Sunday, December 13, 2009

Fazilka residents donate for face-lifting of war memorial

Fazilka residents donate for face-lifting of war memorial
SP Sharma
Tribune News Service

Fazilka, December 8
The war memorial set up by residents of this town in the memory of 82 soldiers of the Indian Army, who laid their lives while protecting the area during the India-Pakistan war of 1971, is being renovated these days. It is being done with the donations from residents of the town that has the distinction of having established the country's only war memorial built out of funds raised from public.

Mohan Lal Paruthi, a prominent person of the area, who was among those who collected the mutilated bodies of the 82 soldiers of the 4 JAT and cremated them at the site of the war memorial in village Asafwala, is supervising the renovation work.

The war memorial committee has also set up a high school, a primary school, a dispensary and a community centre on the five-acre complex. A war museum is also under construction. The pillar on which the names of martyrs have been inscribed is also being renovated.

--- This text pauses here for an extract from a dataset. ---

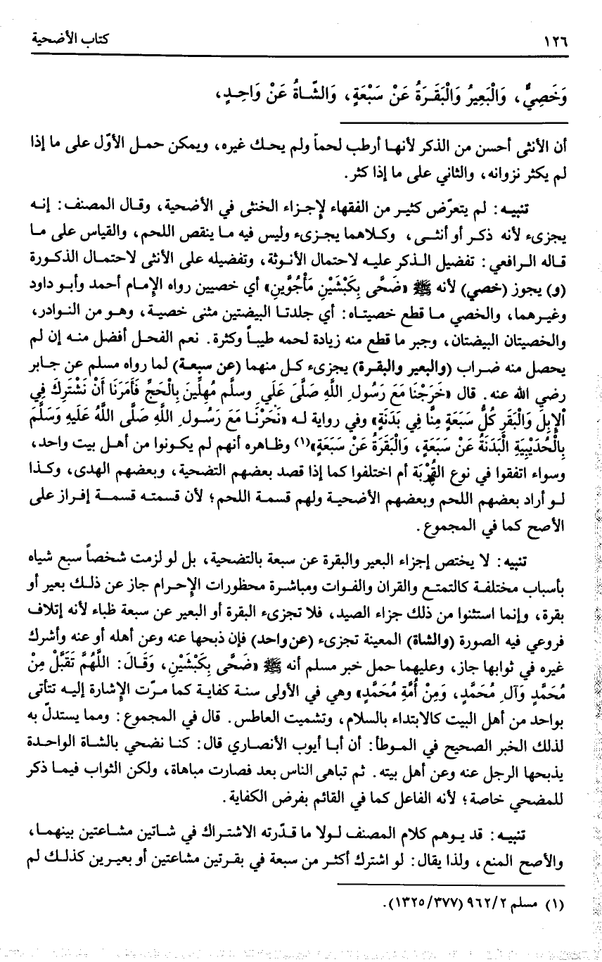 تَنْبِيهٌ: لَا يَخْتَصُّ إجْزَاءُ الْبَعِيرِ وَالْبَقَرَةِ عَنْ سَبْعَةٍ بِالتَّضْحِيَةِ، بَلْ لَوْ لَزِمَتْ شَخْصًا سَبْعُ شِيَاهٍ بِأَسْبَابٍ مُخْتَلِفَةٍ كَالتَّمَتُّعِ وَالْقِرَانِ وَالْفَوَاتِ وَمُبَاشَرَةِ مَحْظُورَاتِ الْإِحْرَامِ جَازَ عَنْ ذَلِكَ بَعِيرٌ أَوْ بَقَرَةٌ، وَإِنَّمَا اسْتَثْنَوْا مِنْ ذَلِكَ جَزَاءَ الصَّيْدِ، فَلَا تُجْزِئُ الْبَقَرَةُ أَوْ الْبَعِيرُ عَنْ سَبْعَةِ ظِبَاءٍ؛ لِأَنَّهُ إتْلَافٌ فَرُوعِيَ فِيهِ الصُّورَةُ.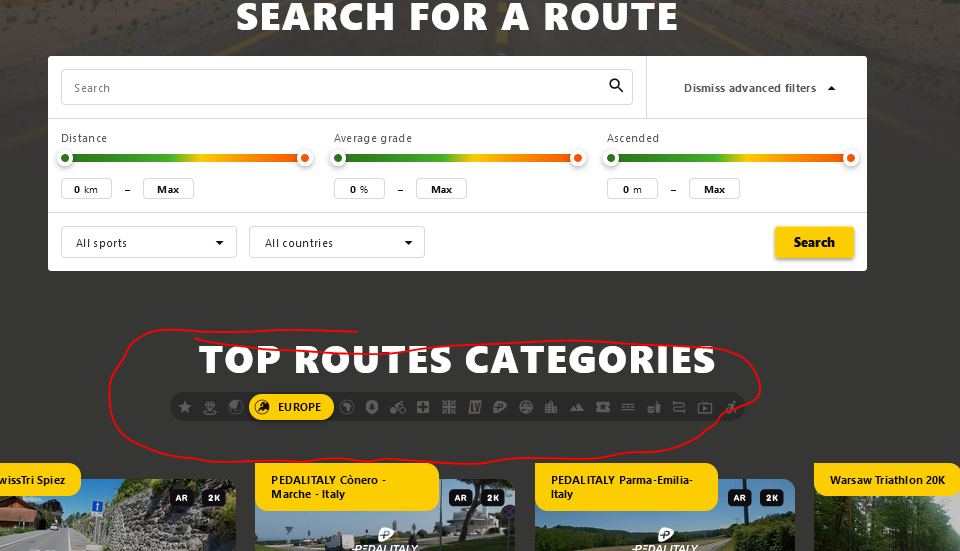 Weiss jemand wie man vernünftig nach Routen sucht? Letztes Jahr gab es noch eine Suche mit diversen Parametern, u.a. Land und AR-Verfügbarkeit. Die war zwar etwas umständlich und die Kartenversion auch ziemlich langsam, aber man hat gefunden wonach man suchte. Aktuell finde ich nur noch diese hier, welche meines Erachtens ziemlich nutzlos ist. Wenigstens nur nach AR-Routen (gemäss Rouvy sind nur diese auch für Workouts verfügbar) suchen sollte man können.

Paruthi recalled that the 82 soldiers laid their lives at Grumikhera while preventing the Pakistani troops from advancing towards the Fazilka town. A couple of residents on December 18 collected the mutilated remains of the soldiers from 7 in the morning till 3 pm and thereafter, performed the last rites on a mass pyre.

The war memorial was initially established on one acre land and was later expanded to five acres. The state government was approached for setting up a school that has now been upgraded to high school.

Paruthi said the war memorial had become an attraction for not only residents of the surrounding towns but also for visitors from outside who visit Fazilka to pay respect to the martyrs. He said portraits of the martyrs and pictures of the war would be displayed in the museum.

Shashi Kant, also involved in the renovation work, has published a booklet on the heroic deeds of the soldiers.